_THE TASK_
Everything from the line with "- Raum 2: Der" to the line with "Incluye: 1 molde" in the listing below, both lines included, needs to be copied exactly, apart from the pictures.

━━━━━ EXTRACTED DATA ━━━━━

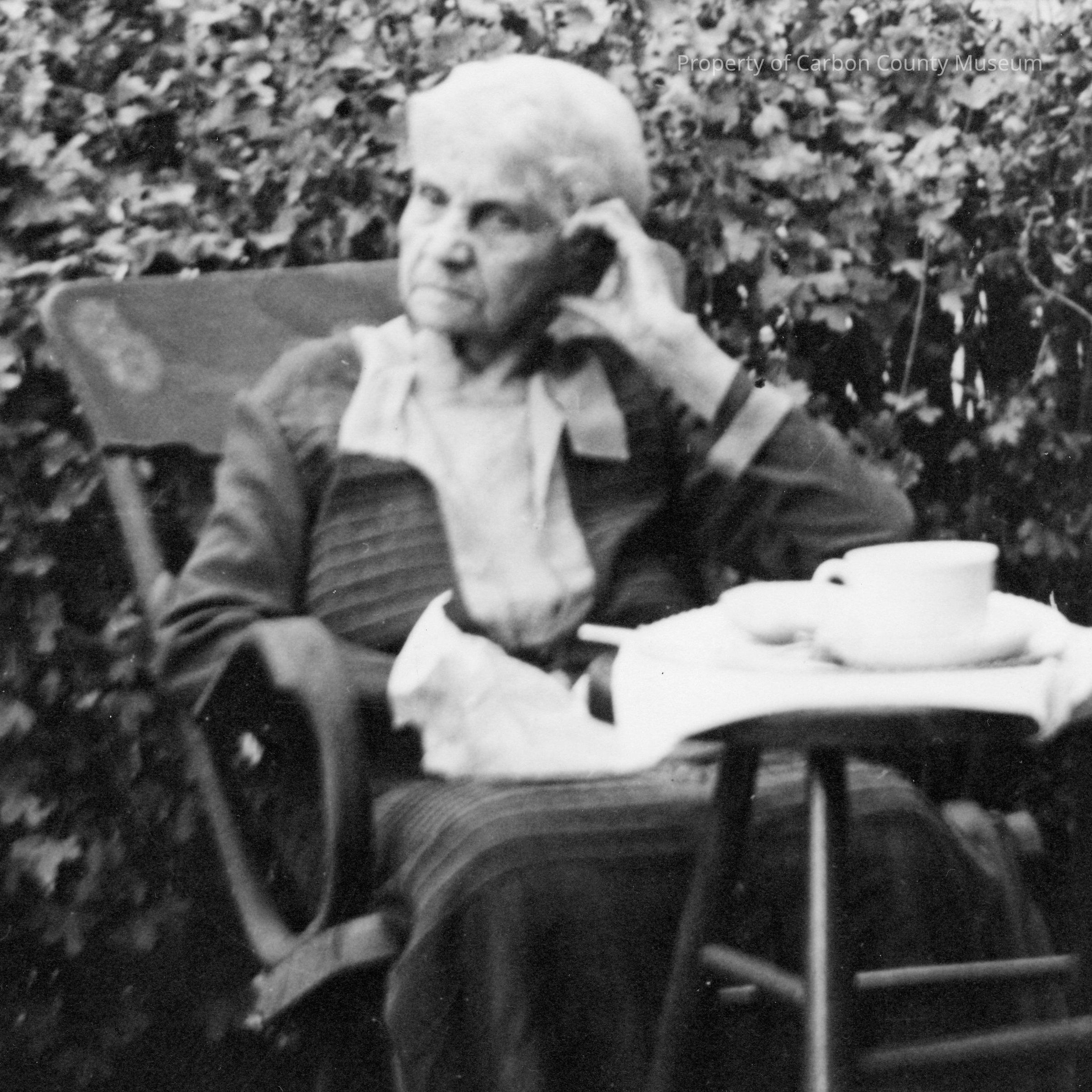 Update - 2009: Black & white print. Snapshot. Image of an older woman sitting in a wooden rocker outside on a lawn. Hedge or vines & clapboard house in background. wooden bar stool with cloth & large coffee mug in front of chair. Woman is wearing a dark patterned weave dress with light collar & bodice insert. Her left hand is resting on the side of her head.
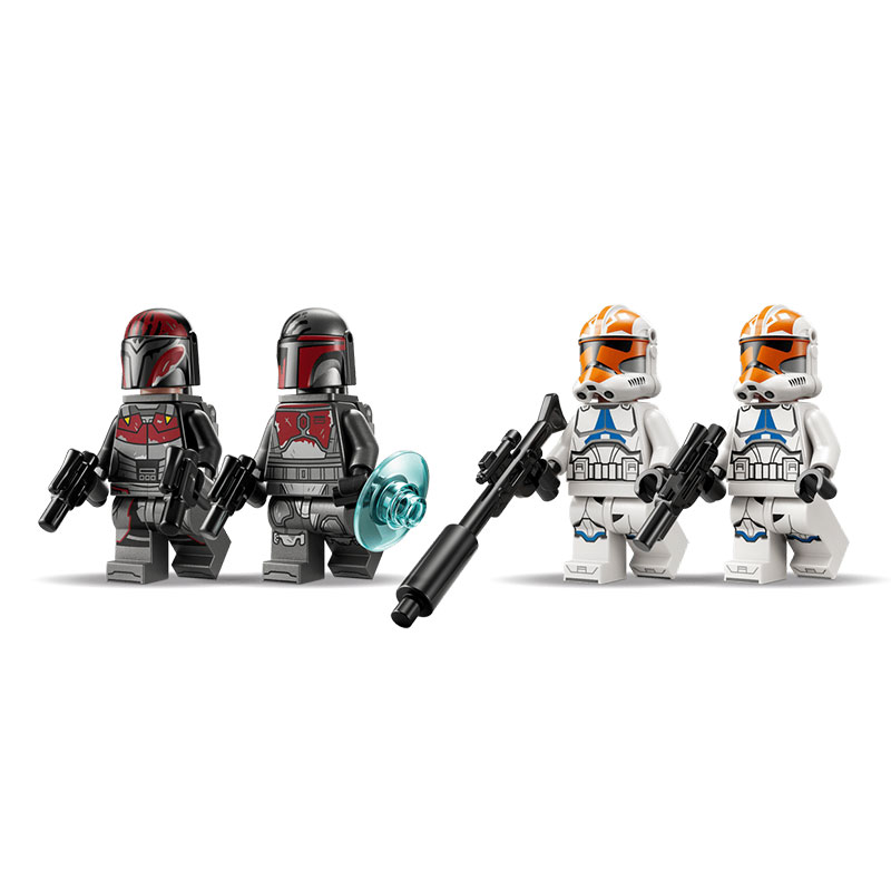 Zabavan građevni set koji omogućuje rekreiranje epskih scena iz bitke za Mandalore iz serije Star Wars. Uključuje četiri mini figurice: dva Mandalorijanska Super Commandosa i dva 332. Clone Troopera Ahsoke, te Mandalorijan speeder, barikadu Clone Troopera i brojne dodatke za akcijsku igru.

━━━━━
━━━━━ EXTRACTED DATA ━━━━━

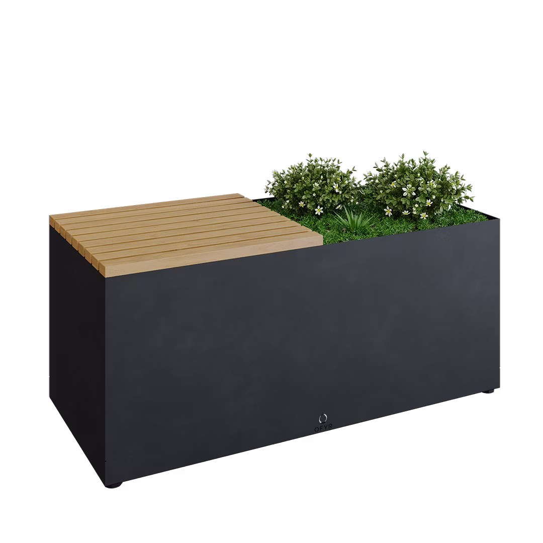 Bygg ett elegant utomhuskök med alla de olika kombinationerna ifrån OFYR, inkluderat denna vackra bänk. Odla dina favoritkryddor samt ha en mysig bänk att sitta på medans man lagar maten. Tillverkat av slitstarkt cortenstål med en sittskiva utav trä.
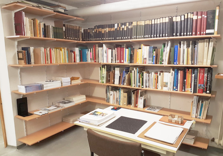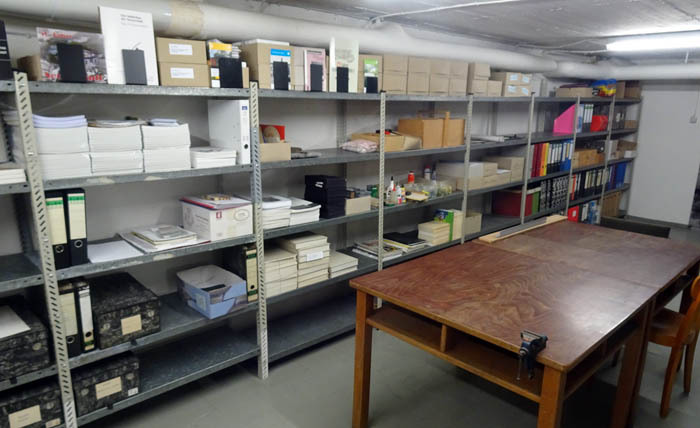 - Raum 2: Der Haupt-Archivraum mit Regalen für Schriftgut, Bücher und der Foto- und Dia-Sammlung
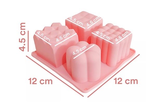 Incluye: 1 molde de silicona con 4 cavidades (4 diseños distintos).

━━━━━

_YOUR RESPONSE_
 - Raum 2: Der Haupt-Archivraum mit Regalen für Schriftgut, Bücher und der Foto- und Dia-Sammlung
 Incluye: 1 molde de silicona con 4 cavidades (4 diseños distintos).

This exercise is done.